1 review liked by CR5ZY


Immaculate pixel-art and a nice soundtrack met with an aggressively mediocre and flat storyline filled with one-dimensional characters and uninteresting dialogue. Sea of Stars never really feels engaging beyond its strong visual presentation, banking on nostalgic atmosphere to appeal to its player base. I genuinely do not understand the level of praise this game receives, I've seen squirrels fighting outside that were more entertaining than this. People love to put this game and Chained Echoes on such a high pedestal when those two are just having the biggest mid-off of my life.

The combat is pretty satisfying on a surface level, but never develops much past the first few hours, which ends up feeling repetitive without a lot of skill variety or new mechanics to play with and adapt to. Party building is practically non-existent. There is some leeway to let you optimize your party with stat increase selection upon level ups and rudimentary equipment diversity, but overall every single character ends up being a glorified default attacker suited for whatever color element you need at the moment. Characters pretend like they're different from each other, but the game never asks you or gives you the ability to build strong magic attackers or bulky defensive units, or come up with niche party compositions, leading every fight to feel exactly the same.

The story and character writing was so poor that I couldn't even laugh at how bad it was.
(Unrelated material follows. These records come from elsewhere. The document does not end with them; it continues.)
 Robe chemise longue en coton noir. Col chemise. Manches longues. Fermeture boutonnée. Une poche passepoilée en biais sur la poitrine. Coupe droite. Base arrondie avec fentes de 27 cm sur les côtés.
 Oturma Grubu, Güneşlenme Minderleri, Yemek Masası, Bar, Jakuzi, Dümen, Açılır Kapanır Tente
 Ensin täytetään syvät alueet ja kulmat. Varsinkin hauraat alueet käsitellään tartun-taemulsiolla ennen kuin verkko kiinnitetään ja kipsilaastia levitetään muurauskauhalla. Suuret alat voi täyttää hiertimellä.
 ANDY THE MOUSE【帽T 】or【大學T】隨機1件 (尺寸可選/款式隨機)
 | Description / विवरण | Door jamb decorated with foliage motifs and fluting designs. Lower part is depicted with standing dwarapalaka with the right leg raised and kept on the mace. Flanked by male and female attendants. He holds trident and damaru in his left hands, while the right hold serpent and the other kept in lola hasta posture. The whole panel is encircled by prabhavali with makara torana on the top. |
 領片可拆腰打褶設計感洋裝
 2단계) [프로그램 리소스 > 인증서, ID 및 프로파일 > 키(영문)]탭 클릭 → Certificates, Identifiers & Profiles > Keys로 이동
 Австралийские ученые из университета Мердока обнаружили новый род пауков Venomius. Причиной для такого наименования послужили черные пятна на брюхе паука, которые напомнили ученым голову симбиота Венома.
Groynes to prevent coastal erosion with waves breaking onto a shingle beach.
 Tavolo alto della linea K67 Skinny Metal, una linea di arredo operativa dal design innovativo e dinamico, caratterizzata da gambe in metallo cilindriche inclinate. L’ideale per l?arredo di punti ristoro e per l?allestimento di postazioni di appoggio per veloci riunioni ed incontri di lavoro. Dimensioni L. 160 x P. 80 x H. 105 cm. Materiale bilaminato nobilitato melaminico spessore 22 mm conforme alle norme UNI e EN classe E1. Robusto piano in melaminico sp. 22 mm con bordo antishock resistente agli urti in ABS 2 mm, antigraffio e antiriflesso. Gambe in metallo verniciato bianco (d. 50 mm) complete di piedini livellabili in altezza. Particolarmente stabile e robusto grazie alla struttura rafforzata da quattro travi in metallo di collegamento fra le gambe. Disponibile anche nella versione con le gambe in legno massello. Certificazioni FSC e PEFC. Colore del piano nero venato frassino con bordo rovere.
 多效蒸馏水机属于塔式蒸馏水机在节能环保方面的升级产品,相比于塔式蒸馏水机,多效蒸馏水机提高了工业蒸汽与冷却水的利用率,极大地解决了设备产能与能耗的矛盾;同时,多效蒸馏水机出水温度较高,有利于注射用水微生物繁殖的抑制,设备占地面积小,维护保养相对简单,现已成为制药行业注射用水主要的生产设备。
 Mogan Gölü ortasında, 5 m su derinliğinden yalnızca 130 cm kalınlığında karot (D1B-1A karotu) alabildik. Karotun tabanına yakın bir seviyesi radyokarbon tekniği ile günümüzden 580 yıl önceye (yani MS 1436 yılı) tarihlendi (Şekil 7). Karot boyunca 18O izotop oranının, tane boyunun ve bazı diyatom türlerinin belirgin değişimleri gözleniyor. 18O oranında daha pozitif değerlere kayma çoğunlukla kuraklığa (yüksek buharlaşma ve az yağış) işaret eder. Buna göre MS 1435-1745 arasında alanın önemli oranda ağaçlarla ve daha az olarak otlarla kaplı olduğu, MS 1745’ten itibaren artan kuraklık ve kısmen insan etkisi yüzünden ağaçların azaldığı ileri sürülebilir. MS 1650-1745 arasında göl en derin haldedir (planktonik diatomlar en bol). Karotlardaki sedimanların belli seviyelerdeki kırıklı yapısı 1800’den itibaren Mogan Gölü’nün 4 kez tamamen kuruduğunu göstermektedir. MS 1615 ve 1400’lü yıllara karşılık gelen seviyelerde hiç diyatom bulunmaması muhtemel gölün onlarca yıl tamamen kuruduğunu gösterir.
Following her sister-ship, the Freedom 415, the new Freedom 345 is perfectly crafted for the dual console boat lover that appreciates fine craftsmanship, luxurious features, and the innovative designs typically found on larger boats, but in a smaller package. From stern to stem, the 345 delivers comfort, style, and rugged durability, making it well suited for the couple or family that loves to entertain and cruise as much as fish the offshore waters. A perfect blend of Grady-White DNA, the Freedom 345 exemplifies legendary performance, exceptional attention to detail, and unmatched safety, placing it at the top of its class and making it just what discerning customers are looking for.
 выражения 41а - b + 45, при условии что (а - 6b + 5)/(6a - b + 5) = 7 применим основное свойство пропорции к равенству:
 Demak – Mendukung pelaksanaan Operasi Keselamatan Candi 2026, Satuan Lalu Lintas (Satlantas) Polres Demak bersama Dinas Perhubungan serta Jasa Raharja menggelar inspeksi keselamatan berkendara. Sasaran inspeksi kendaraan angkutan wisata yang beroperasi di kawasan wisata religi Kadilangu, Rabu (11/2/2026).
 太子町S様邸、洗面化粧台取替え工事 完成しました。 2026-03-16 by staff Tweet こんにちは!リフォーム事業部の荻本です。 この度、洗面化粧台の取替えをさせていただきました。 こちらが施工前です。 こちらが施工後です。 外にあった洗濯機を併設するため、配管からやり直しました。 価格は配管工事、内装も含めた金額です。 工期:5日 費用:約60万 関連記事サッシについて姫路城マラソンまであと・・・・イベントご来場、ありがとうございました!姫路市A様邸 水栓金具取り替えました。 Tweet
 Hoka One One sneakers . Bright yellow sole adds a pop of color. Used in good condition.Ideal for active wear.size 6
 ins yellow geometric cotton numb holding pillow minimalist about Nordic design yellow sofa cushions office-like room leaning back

I felt like I was staring at blank walls the entire time. Nothing the characters did, said, or experienced ever mattered to themselves or their surroundings beyond superficiality. Every other line was a meta joke or quip about overused tropes and stereotypical JRPG writing, I felt like I was reading some Redditor's idea of an #epic D&D campaign. I swear I was only one step removed from reading a "Well, that just happened!" but at the same time I had to read a "Yeet" joke in 2023 with a straight face so, yeah. In spite of all this, Sea of Stars still has the audacity to bring out plot points of such grand scale that just don't feel earned due to its writing.

Frankly, I tried to give Sea of Stars more chances than it deserves. I so badly wanted another Chrono Trigger that I lowered my standards to convince myself I was having fun until I just couldn't take it anymore. I was kept bored the entire time I was playing, desperately continuing to see if it gets better... but it never did. I played up to right before the final boss and did every side quest I could out of curiosity but ultimately dropped this game because I simply wasn't enjoying my time.

Sea of Stars is a game that fundamentally does not understand its inspirations. I'm dangerously close to feeling like I was scammed, to be honest, given its marketing. "Aggressively mid" is probably the best way to describe this game. You're much better off playing the classics that inspired this game (Chrono Trigger, Mario RPG, Breath of Fire) and admiring the artwork from afar.